Baltimore Light Rail, Baltimore

What say we further investigate?

If what we’re after here is an apples-to-apples comparison, we’re probably not going to get that. However, there is one that comes close: that’d be the Confederation Line operated by OC Transit in Ottawa, Ontario, Canada.

Before exploring that corridor and service more, this should no doubt be prefaced by pointing out that there are successful rapid-bus and light rail transit systems seemingly in all corners of the world. There are said operations in Curitiba, Brazil (BRT); Cleveland, Ohio (BRT); Stockton, California (BRT); Portland, Oregon (LRT); Phoenix, Arizona (LRT); Salt Lake City, Utah (LRT); and, Ottawa, of course, which now has one or both (BRT and LRT).

The backstory – Ottawa

Ottawa, as an early adherent of both modes, first installed BRT in ’83. But, the city also embraced LRT, its Trillium Line (its original) coming into being in 1999. Both have served the city well. Where the bus rapid transit was concerned, no doubt did too well, so well, in fact, that patronage demand could not be kept up with. That’s how popular the service had become. Something had to be done. Something was.

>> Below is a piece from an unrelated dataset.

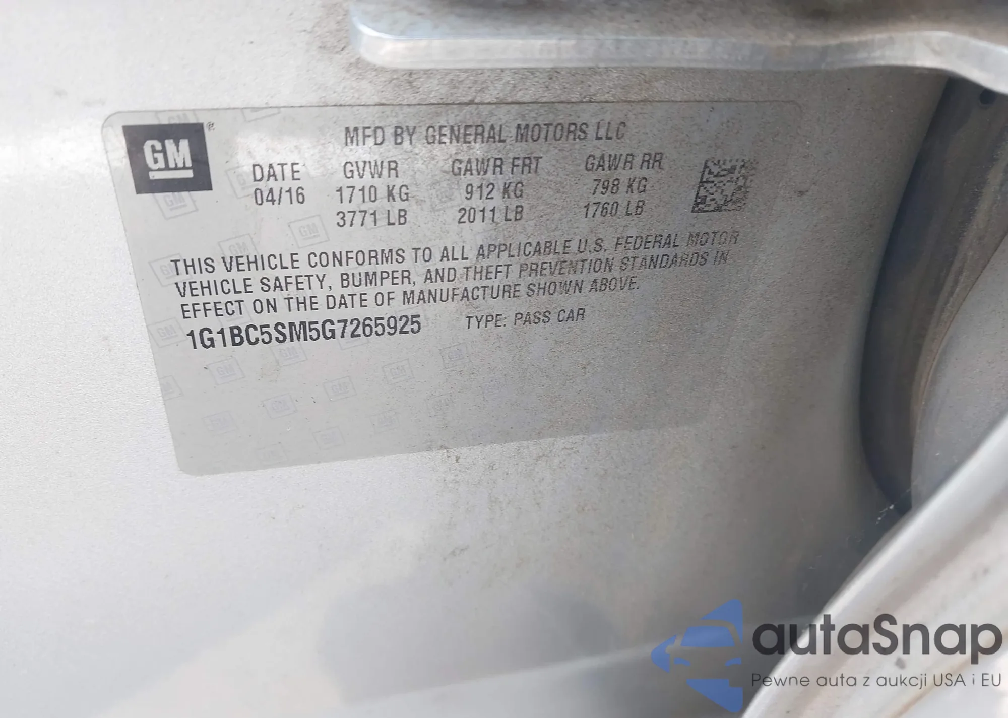 LOT: 42770370 VIN: 1G1BC5SM5G7265925

That was in 2012 when Ottawa leaders decided that BRT was no longer going to cut it and opted for was LRT in its place.

With that decision ruling – if not saving – the day, all there was left to do was to build what is today referred to as the light rail transit Confederation Line – 7.8-mile-long LRT system for the most part running in an east-west direction with a total of 13 stations dotting the line and at one of those stations, it is joined by the north-south configured Trillium Line. As for the train, well, it’s been branded the “O-Train.” https://www.octranspo.com/en/ready-for-rail/transforming-the-service/expanding-o-train-service Service was inaugurated on Sept. 14, 2019 and the daily passenger counts from then until year’s end was 159,000.

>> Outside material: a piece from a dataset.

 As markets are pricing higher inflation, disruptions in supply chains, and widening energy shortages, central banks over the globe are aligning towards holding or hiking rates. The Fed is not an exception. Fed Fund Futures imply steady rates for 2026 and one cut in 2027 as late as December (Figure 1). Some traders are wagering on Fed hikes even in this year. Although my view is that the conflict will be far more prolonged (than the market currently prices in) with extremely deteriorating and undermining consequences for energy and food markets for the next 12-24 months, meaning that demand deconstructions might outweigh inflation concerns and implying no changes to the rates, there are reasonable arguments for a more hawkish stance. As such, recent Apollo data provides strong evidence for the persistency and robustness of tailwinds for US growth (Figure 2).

In the meantime, plans are afoot to extend not just the Confederation Line (both east and west), but the Trillium Line (south) as well.

So, the question now becomes did this northern North American city make the wrong choice when it went with its decision to implement BRT in the first place?

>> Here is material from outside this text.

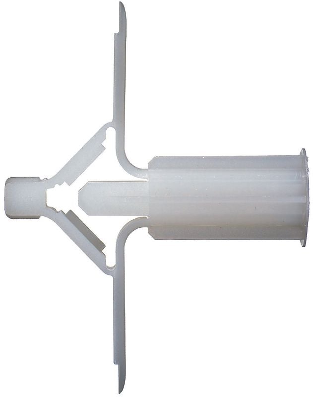 Ekonomická plastová sklopná hmoždinka pro kotvení do děrovaných cihel a sádrokartonu pomocí běžných vrutů do dřeva

Here is what The Transport Politic blogger Yonah Freemark on the bus move in his “Ottawa, Closer than Ever to Replacing Bus Rapid Transit with Light Rail” post had to say. “With expenses like that – practically equivalent to building a new rail line from scratch – one wonders whether there was ever any fiscal advantage to using buses first along the rapidway. Did the city lose out by not choosing rail when the transitway first opened in 1983?”

Offering more perspective, Freemark added, “The transitway has so many riders that it puts 2,600 daily buses onto two downtown streets, and by 2018, the system will have literally no more capacity. By 2030, Ottawa would have to get a bus downtown every eighteen second to accommodate all of its riders – an impossible feat.”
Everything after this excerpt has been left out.